2.     A Requerente está enquadrada no regime normal de IVA com periodicidade mensal, por força do disposto no art. 41.º, 1, a) do CIVA.

3.     No âmbito da sua actividade, a Requerente forneceu à sociedade B..., S.A., NIF ...  (“Devedora” ou “B...”), diversa mercadoria, emitindo as correspondentes facturas entre 23/03/2020 e 20/10/2020.

4.     A Requerente liquidou e entregou o IVA relativo a essas facturas.

5.     A B... não pagou a totalidade dessas facturas, pelo que, decorridos 12 meses do vencimento, a Requerente pretendeu recuperar o IVA subjacente, ao abrigo do regime de regularizações do art. 78.º-A do CIVA.

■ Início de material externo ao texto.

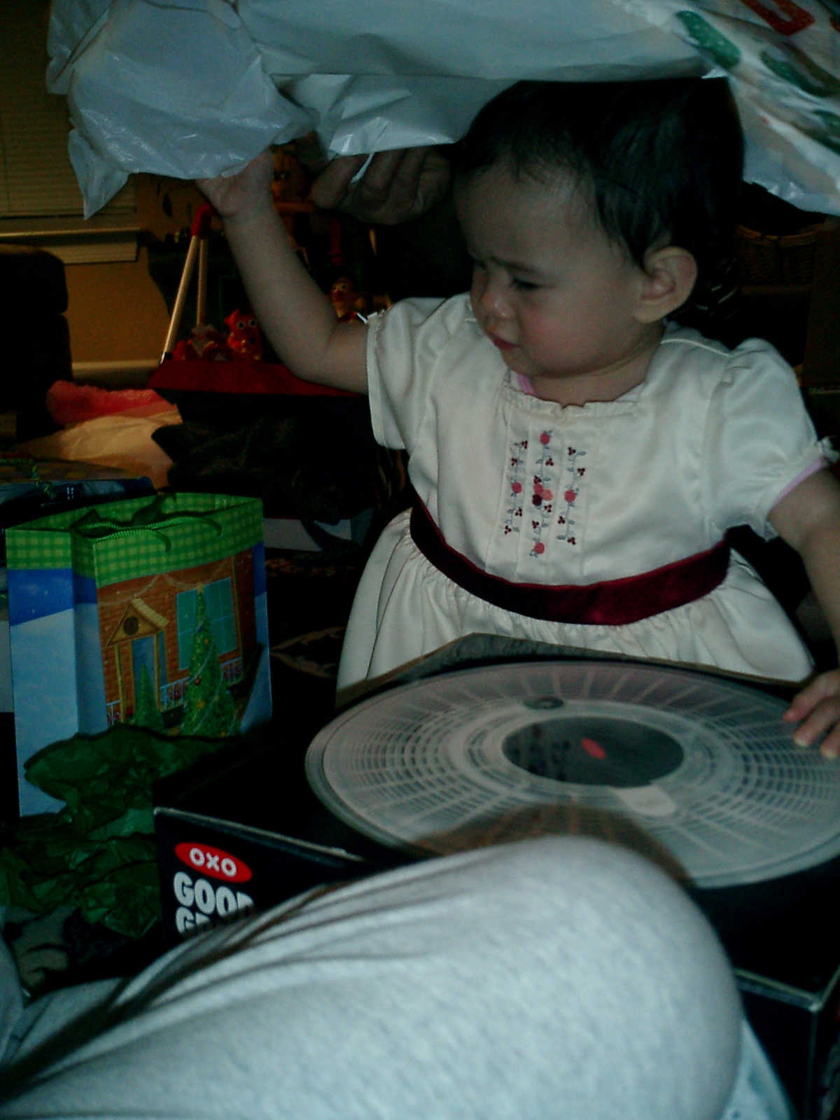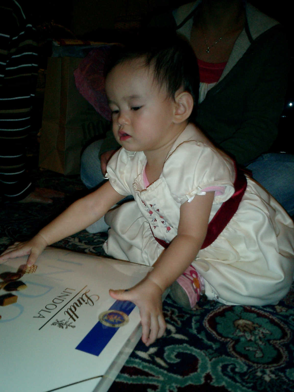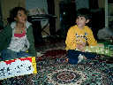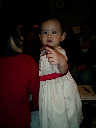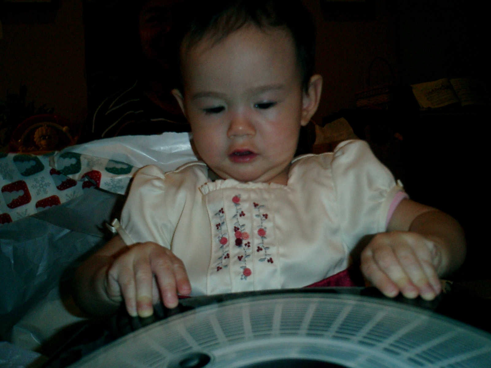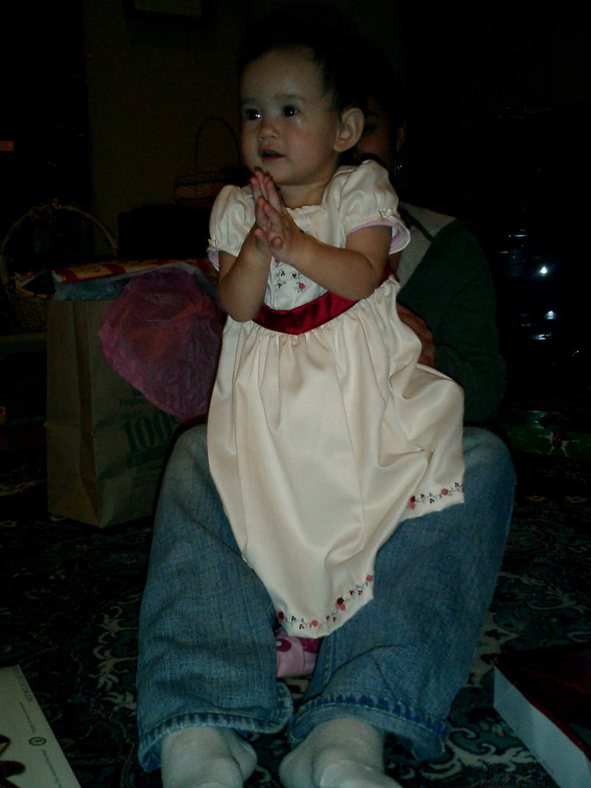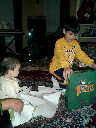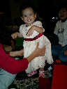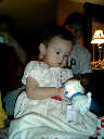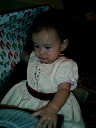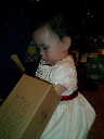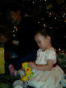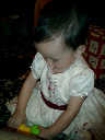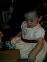 | Nadine at 13 months (Dec 23, 2007), opening a couple of her Christmas present a day or so early, just to help get in the Christmas spirit! And, wishing Aunt Noy a very Happy Birthday -- her brithday falls on December 27th. Nadine, we see you dressed up for the party -- you look beautiful! |

6.     Para efeito de recuperar o IVA subjacente às facturas não-pagas, a Requerente deduziu, em, 15/09/2021, um Pedido de Autorização Prévia (“PAP”), n.º ..., relativo às seguintes facturas, que perfazem um valor total de € 71.271,46 (discriminando-se o n.º da factura, o período correspondente, data de vencimento, IVA da factura e IVA em dívida):

7.     A 29/11/2021, a Requerente deduziu outro PAP com o nº ..., no valor de € 7.051,31, relativamente à fatura n.º NN A/22175, igualmente devida pela B... e com vencimento a 20/10/2020.

8.     A 22/02/2022, a Requerente foi notificada do deferimento dos PAP indicados, para regularização, a favor da Requerente, do IVA, no valor global de € 78 322, 77, subjacente aos créditos detidos sobre a B..., ao abrigo do art. 78.º - B do CIVA.

9.     Face a esse deferimento, e face ao disposto no art. 78.º-B, 8 do CIVA, a Requerente preencheu o campo 40 da Declaração Periódica de IVA nº ..., bem como o Quadro 1-F do respectivo anexo de regularizações do campo 40, referente ao período de 2022/03, com o valor total de € 78.322,77.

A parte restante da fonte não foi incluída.